INFORMATION PROVIDED |

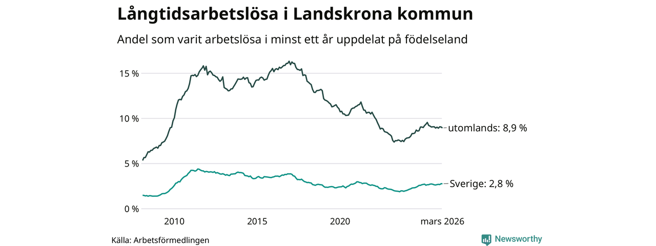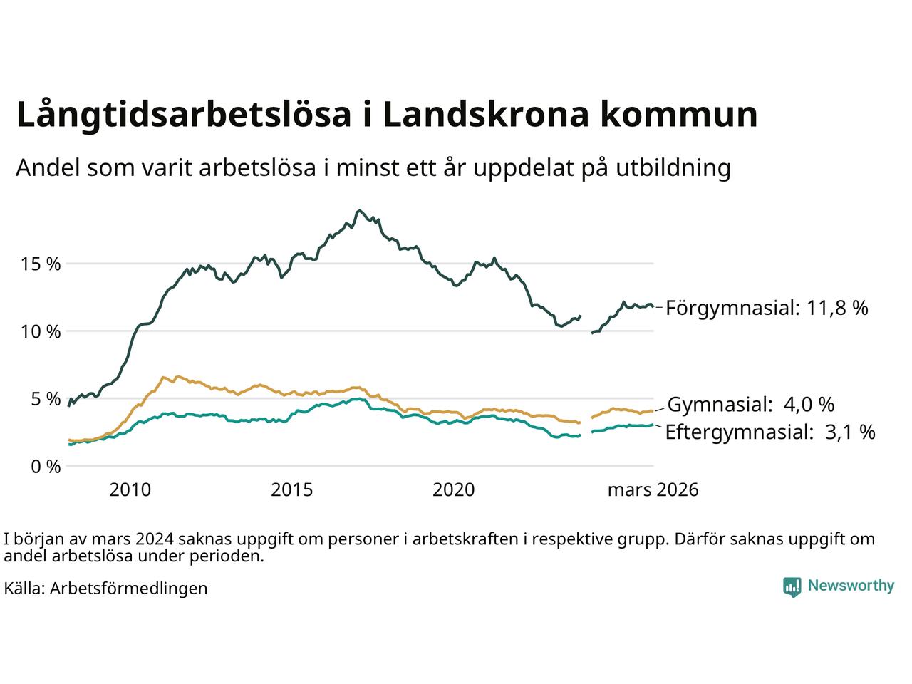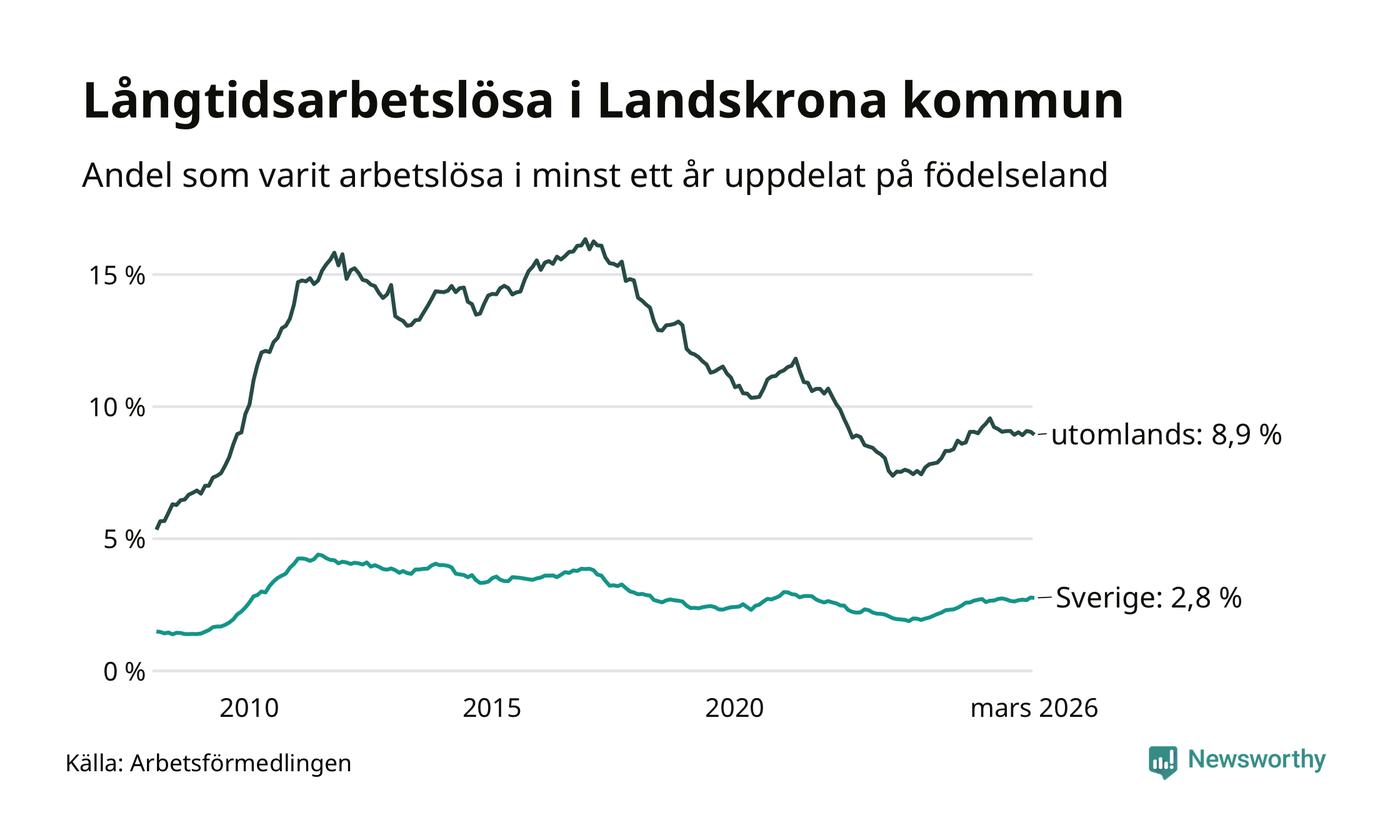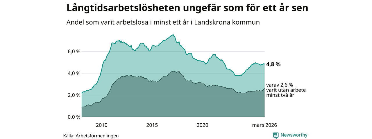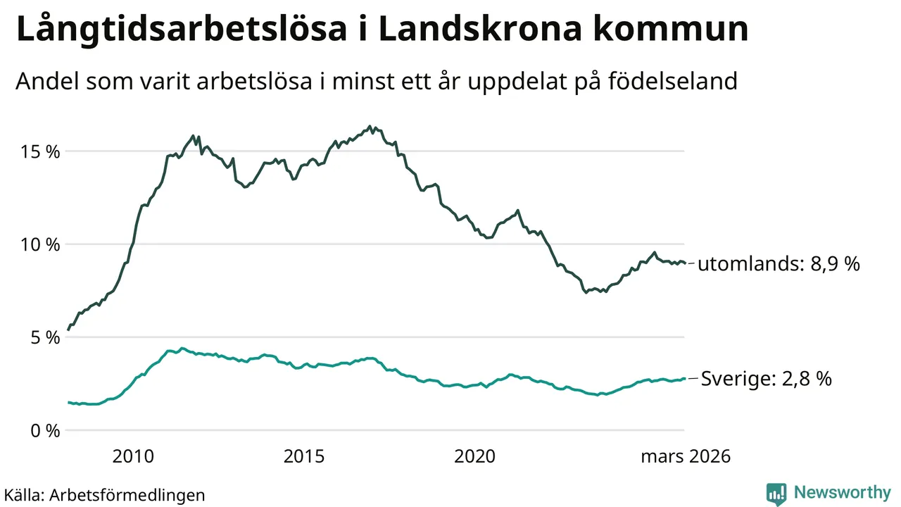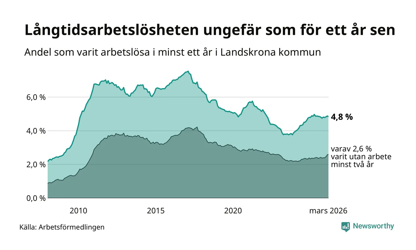 I mars hade 1 103 Landskronabor varit arbetslösa i minst ett år, vilket är tio färre än månaden innan. 1 103 personer motsvarar 4,8 procent av arbetskraften i kommunen – andelen långtidsarbetslösa är ungefär på samma nivå som för ett år sedan. Landskrona tillhör de kommuner som har högst andel långtidsarbetslösa i hela landet just nu.
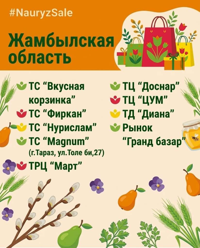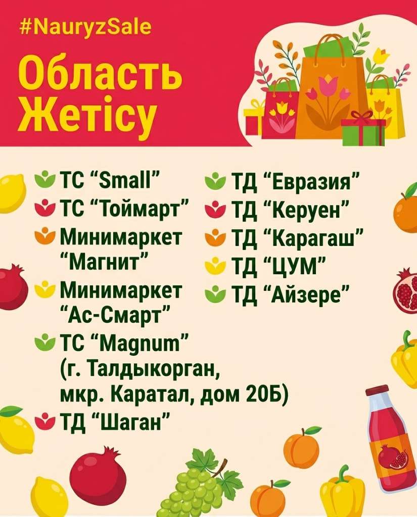 Ескерту: республикалық акцияға бастаманы қолдап, әлеуметтік жауапкершілік танытқан сауда субъектілері қатысады. Қазақстан Республикасының өңірлері бойынша акцияға қатысушылардың тізімі қоса беріледі.
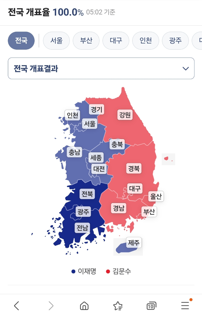 ▶️ 호남·수도권·충청은 이재명 우세
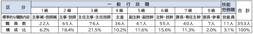 ※本町の給与条例に基づく給料表の級区分による職員数で、標準的な職務内容とは、それぞれの級に該当する職名です。
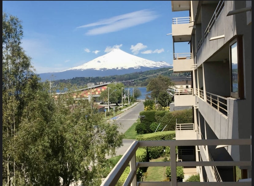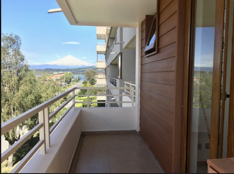Recién remodelado, posee 3 dormitorios, 2 baños, cocina amoblada con logia, estacionamiento y bodega, 90 mts2; está frente al lago Villarrica y tiene vista al Volcán Villarrica.
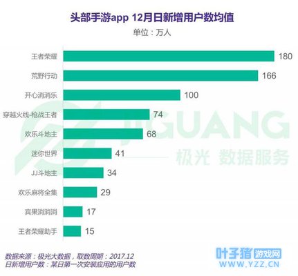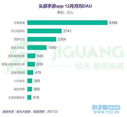 有同学可能会说了,王者荣耀安装量只有1.69亿但玩的人不一定多啊。所以老王这也po一下,12月的手游日活跃用户数据。都知道12月份,是中小学生的期末,用户日活跃肯定要比平时,但即便是这样王者荣耀依然遥遥领先。同比2016年12月,依然要多了1000万的活跃玩家,跟自己比还是进步了。

EXERCISE PROMPT |
Leave the pictures out and restate exactly the lines from the one that has "Ескерту: республикалық акцияға" through the final line of the entries above, both ends included.

ANSWER TO THE PROBLEM |
 Ескерту: республикалық акцияға бастаманы қолдап, әлеуметтік жауапкершілік танытқан сауда субъектілері қатысады. Қазақстан Республикасының өңірлері бойынша акцияға қатысушылардың тізімі қоса беріледі.
 ▶️ 호남·수도권·충청은 이재명 우세
 ※本町の給与条例に基づく給料表の級区分による職員数で、標準的な職務内容とは、それぞれの級に該当する職名です。
Recién remodelado, posee 3 dormitorios, 2 baños, cocina amoblada con logia, estacionamiento y bodega, 90 mts2; está frente al lago Villarrica y tiene vista al Volcán Villarrica.
 有同学可能会说了,王者荣耀安装量只有1.69亿但玩的人不一定多啊。所以老王这也po一下,12月的手游日活跃用户数据。都知道12月份,是中小学生的期末,用户日活跃肯定要比平时,但即便是这样王者荣耀依然遥遥领先。同比2016年12月,依然要多了1000万的活跃玩家,跟自己比还是进步了。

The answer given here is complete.